Ne esiste una versione della HUNGARATON, con il soprano
Magda Kalmar - e Frigyes Sandor come direttore, n° catalogazione
11653 - 2
(fra l'altro assieme alla ormai celeberrima NEL DOLCE DELL'OBLIO HWV
134).
La cantata si compone di 13 brani, e si distingue anche per una
corposa
"Introduzione" strumentale con oboi e di splendida ed accattivante
melodia
dalla durata di ben 5.57 minuti: tale apertura è suddivisa in tre
parti.
Tutte le arie sono sostenute da strumenti a fiato e da corde.
Dal mio punto di vista, poichè la cantata si apre con un
recitativo "Da quel
giorno fatale" che spiega cosa è successo a Tirsi, che è morto, e
narra cosa
succede a Clori dopo la dipartita di Tirsi, può vedersi come una
seconda parte alla cantata "CLORI,TIRSI E FILENO", alis
"COR FEDELE
IN VANO SPERI" HWV 96 (di cui segnalo fra l'altro l'esistenza di un
bellissimo cd di Nicholas McGegan per questa cantata della casa
Harmonia Mundi).
La prima aria "Un pensiero voli in ciel...", introduce un
consistente
ritornello iniziale dove il violino solo gioca un ruolo di spicco
prima dell'intervento sopranile vocale che si inserisce con uno di
quei gorgheggi pirotecnici che simula il volo verso il
cielo, puntando mille vocalizzi sulla ultima -e- di pensiero e di
lungo respiro,
che davvero sorprende.

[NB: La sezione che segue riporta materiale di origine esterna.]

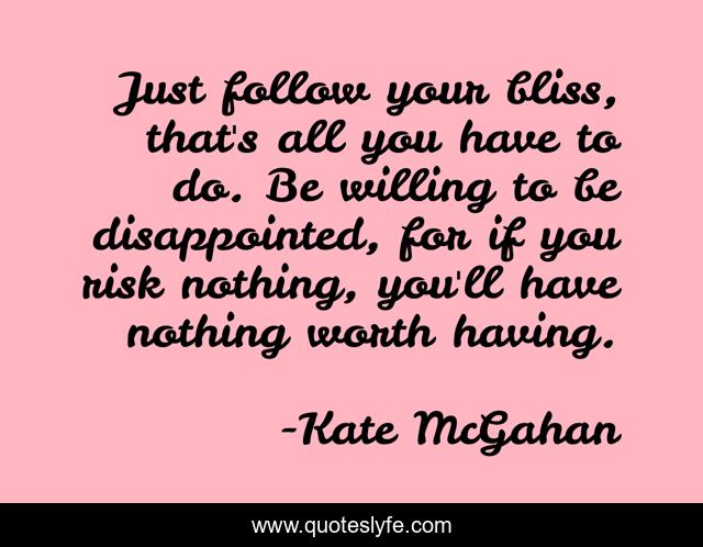 This page presents the quote "Just follow your bliss, that's all you have to do. Be willing to be disappointed, for if you risk nothing, you'll have nothing worth having.". Author of this quote is Kate McGahan. This quote is about goal, everything, bliss, nothing, reward, risk,.

E l'aria dura moltissimo, 9 minuti circa.
Il recitativo n° 4 si suddivise in sezioni di recitativo
convenzionale, e altre parti ("Si, sì, rapida io scendo") sono
concitate, e quindi assume la connotazione di accompagnato: Clori
delira, e vuole raggiungere Tirsi all'inferno.
L'aria successiva "Per te lasciai la luce", presenta il
violoncello
solista, mentre la voce svetta verso il cielo, creando un forte
distacco fra suono pastoso del violoncello, e ricami vocali aerei, su
un'aria che ha un ritmo andante.
Dopo un recitativo standard, riparte un'altra aria "Lascia o mai le
brune vele", dove spicca il flauto solista a becco, con ritmo allegro
non troppo.
Ma poi Clori ginge alle sponde del Lete, e la musica si fa imponente,
malgrado l'organico che non è orchestrale ma più cameristico: è
serissimo il pezzo, e di una levatura e severità coinvolgente, che mi
ricordano i pezzi grandiosi francesi di De Lalande con il suo "Les
Divertissement de Versailles": questa Entrée, perchè è a questa
che
mi riferivo, è seguita da un minuetto, che funge da introduzione
all'aria, "In queste amene spiagge serene": nella prima parte di
quest'aria il soprano è accompagnato dal solo basso dell'orchestra,
mentre solo nella seconda parte appare il tutti orchestrale,
accrescendo l'intensità della frase "Tra suoni e canti,
sempre clemente, spiran gli amanti aura d'amor". Il motivo di questo
minuetto con il tutti, ancora più consistenze riprende dopo un breve
recitativo e si sostanzia nella conclusione della cantata, in modo
originale: difficilmente infatti una cantata Handeliana italiana, e
di questo periodo come appartiene questa, ossia del biennio fecondo
1707/1708 italiano, si conclude con un pezzo strumentale.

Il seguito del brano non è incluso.